--- DATA FOR REVIEW Enclosed Below ---

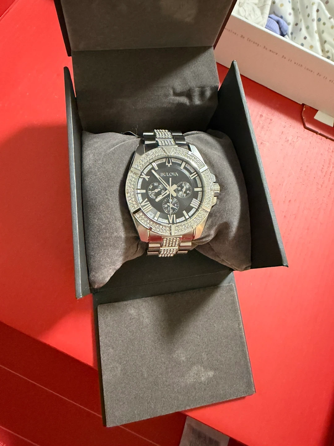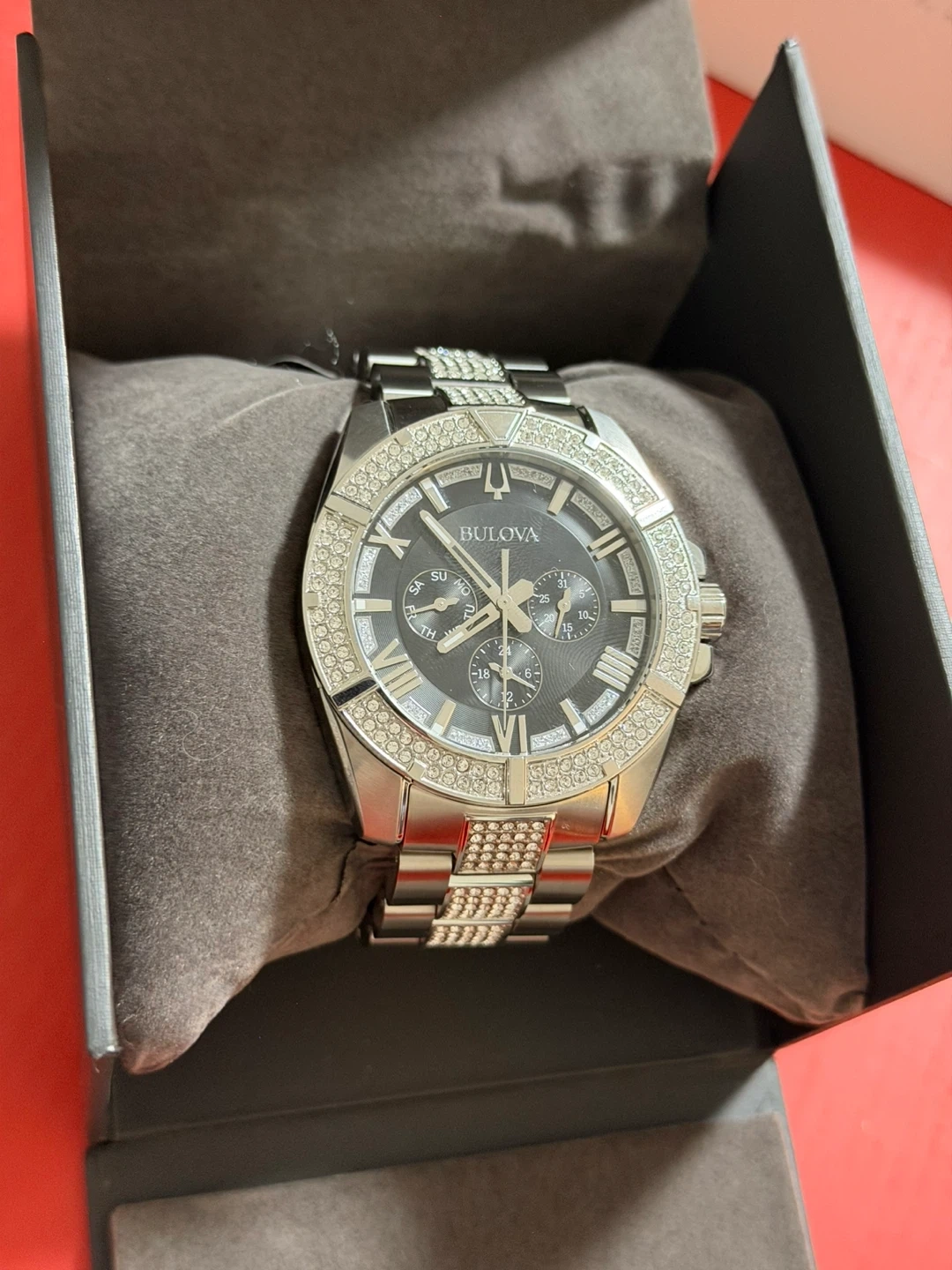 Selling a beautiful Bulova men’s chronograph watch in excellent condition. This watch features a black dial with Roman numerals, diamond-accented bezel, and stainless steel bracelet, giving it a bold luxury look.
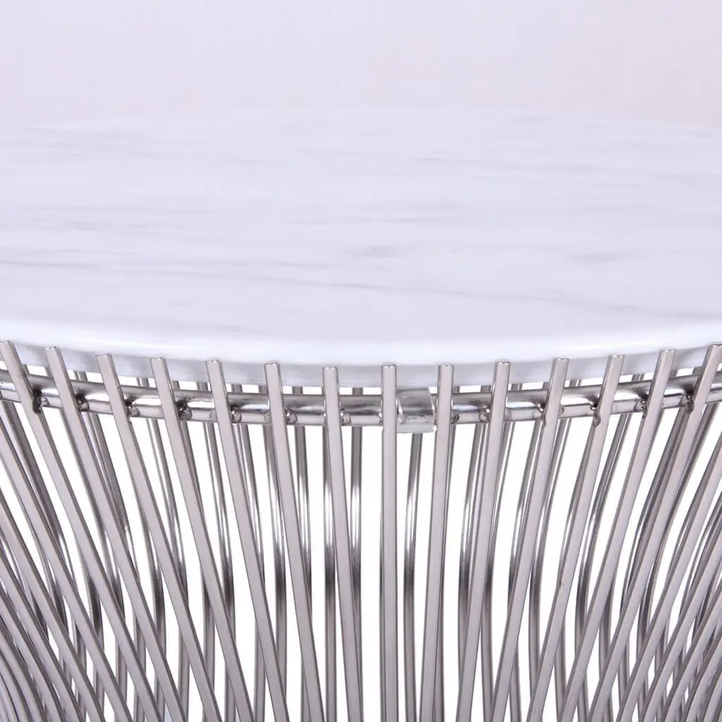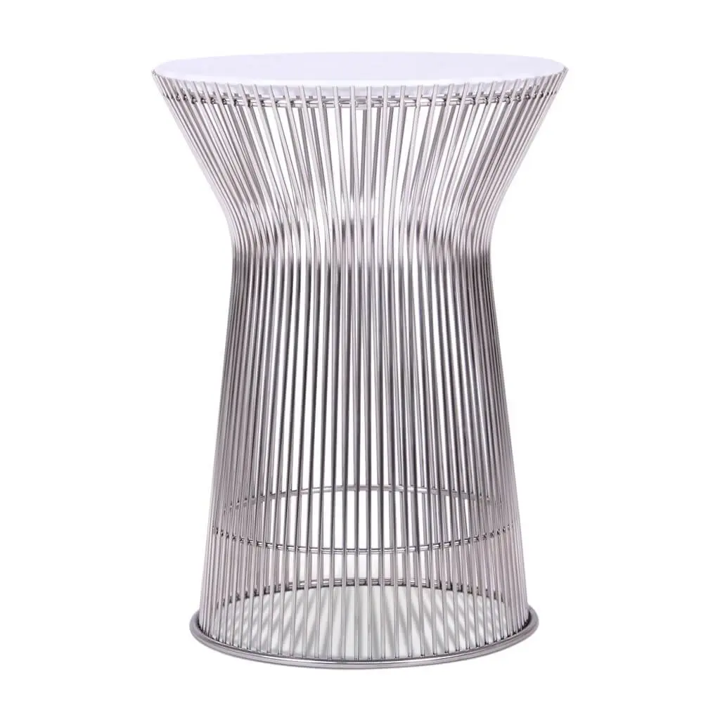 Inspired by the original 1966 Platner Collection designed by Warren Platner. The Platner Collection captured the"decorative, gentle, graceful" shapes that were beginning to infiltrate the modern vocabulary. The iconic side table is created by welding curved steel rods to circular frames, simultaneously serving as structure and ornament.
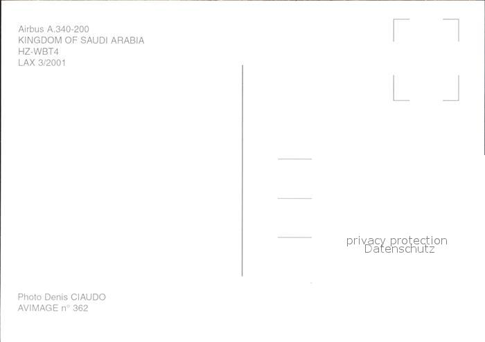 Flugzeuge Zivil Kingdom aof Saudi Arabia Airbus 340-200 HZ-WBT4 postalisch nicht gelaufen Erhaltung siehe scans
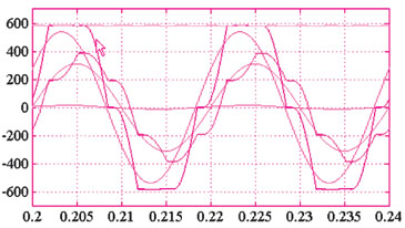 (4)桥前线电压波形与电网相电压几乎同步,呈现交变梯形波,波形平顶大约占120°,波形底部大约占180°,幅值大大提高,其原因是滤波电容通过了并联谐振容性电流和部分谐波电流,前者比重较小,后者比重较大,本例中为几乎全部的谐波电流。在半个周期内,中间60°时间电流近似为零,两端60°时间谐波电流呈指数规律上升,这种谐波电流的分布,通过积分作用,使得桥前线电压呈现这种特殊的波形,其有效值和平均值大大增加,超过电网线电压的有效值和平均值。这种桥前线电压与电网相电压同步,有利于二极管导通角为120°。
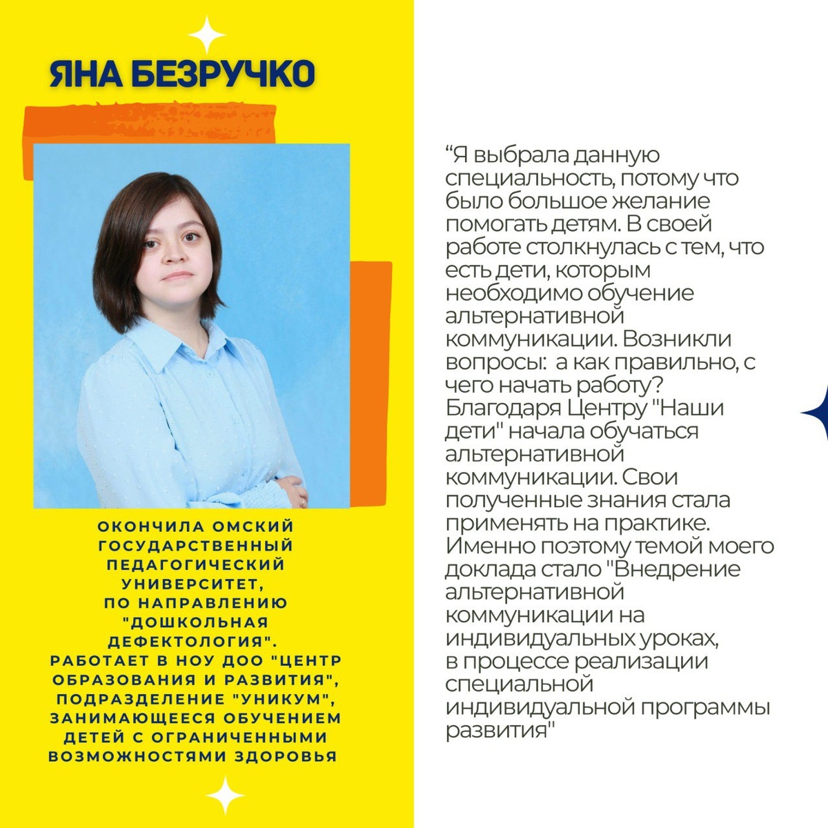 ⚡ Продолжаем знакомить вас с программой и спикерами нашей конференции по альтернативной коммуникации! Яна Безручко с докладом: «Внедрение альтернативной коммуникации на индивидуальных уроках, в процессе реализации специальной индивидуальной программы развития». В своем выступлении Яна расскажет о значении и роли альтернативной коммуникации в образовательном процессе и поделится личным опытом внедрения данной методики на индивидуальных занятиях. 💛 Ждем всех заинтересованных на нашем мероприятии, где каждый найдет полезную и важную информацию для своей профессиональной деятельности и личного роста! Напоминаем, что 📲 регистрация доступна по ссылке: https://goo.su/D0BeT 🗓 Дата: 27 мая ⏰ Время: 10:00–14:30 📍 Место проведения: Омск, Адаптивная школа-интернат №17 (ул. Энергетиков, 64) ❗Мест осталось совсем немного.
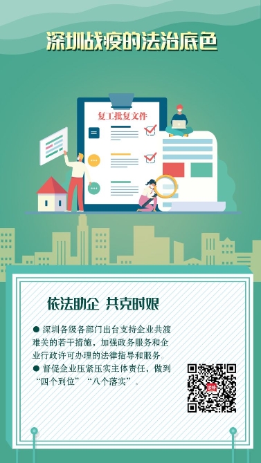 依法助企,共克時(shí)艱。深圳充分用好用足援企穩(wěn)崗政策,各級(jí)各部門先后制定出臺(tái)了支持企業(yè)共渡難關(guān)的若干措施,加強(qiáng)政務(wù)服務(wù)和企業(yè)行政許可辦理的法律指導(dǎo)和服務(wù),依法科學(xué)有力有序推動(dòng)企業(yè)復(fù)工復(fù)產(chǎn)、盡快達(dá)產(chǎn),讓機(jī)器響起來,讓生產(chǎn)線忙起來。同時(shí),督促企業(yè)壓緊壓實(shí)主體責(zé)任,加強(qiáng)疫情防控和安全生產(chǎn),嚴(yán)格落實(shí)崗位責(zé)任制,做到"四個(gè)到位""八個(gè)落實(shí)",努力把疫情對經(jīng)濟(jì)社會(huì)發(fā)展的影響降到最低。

--- End of Enclosed DATA FOR REVIEW ---

# EXERCISE DIRECTIONS:
Would you copy all of the data exactly? Keep the pictures out of it.

# ANSWER AREA:
 Selling a beautiful Bulova men’s chronograph watch in excellent condition. This watch features a black dial with Roman numerals, diamond-accented bezel, and stainless steel bracelet, giving it a bold luxury look.
 Inspired by the original 1966 Platner Collection designed by Warren Platner. The Platner Collection captured the"decorative, gentle, graceful" shapes that were beginning to infiltrate the modern vocabulary. The iconic side table is created by welding curved steel rods to circular frames, simultaneously serving as structure and ornament.
 Flugzeuge Zivil Kingdom aof Saudi Arabia Airbus 340-200 HZ-WBT4 postalisch nicht gelaufen Erhaltung siehe scans
 (4)桥前线电压波形与电网相电压几乎同步,呈现交变梯形波,波形平顶大约占120°,波形底部大约占180°,幅值大大提高,其原因是滤波电容通过了并联谐振容性电流和部分谐波电流,前者比重较小,后者比重较大,本例中为几乎全部的谐波电流。在半个周期内,中间60°时间电流近似为零,两端60°时间谐波电流呈指数规律上升,这种谐波电流的分布,通过积分作用,使得桥前线电压呈现这种特殊的波形,其有效值和平均值大大增加,超过电网线电压的有效值和平均值。这种桥前线电压与电网相电压同步,有利于二极管导通角为120°。
 ⚡ Продолжаем знакомить вас с программой и спикерами нашей конференции по альтернативной коммуникации! Яна Безручко с докладом: «Внедрение альтернативной коммуникации на индивидуальных уроках, в процессе реализации специальной индивидуальной программы развития». В своем выступлении Яна расскажет о значении и роли альтернативной коммуникации в образовательном процессе и поделится личным опытом внедрения данной методики на индивидуальных занятиях. 💛 Ждем всех заинтересованных на нашем мероприятии, где каждый найдет полезную и важную информацию для своей профессиональной деятельности и личного роста! Напоминаем, что 📲 регистрация доступна по ссылке: https://goo.su/D0BeT 🗓 Дата: 27 мая ⏰ Время: 10:00–14:30 📍 Место проведения: Омск, Адаптивная школа-интернат №17 (ул. Энергетиков, 64) ❗Мест осталось совсем немного.
 依法助企,共克時(shí)艱。深圳充分用好用足援企穩(wěn)崗政策,各級(jí)各部門先后制定出臺(tái)了支持企業(yè)共渡難關(guān)的若干措施,加強(qiáng)政務(wù)服務(wù)和企業(yè)行政許可辦理的法律指導(dǎo)和服務(wù),依法科學(xué)有力有序推動(dòng)企業(yè)復(fù)工復(fù)產(chǎn)、盡快達(dá)產(chǎn),讓機(jī)器響起來,讓生產(chǎn)線忙起來。同時(shí),督促企業(yè)壓緊壓實(shí)主體責(zé)任,加強(qiáng)疫情防控和安全生產(chǎn),嚴(yán)格落實(shí)崗位責(zé)任制,做到"四個(gè)到位""八個(gè)落實(shí)",努力把疫情對經(jīng)濟(jì)社會(huì)發(fā)展的影響降到最低。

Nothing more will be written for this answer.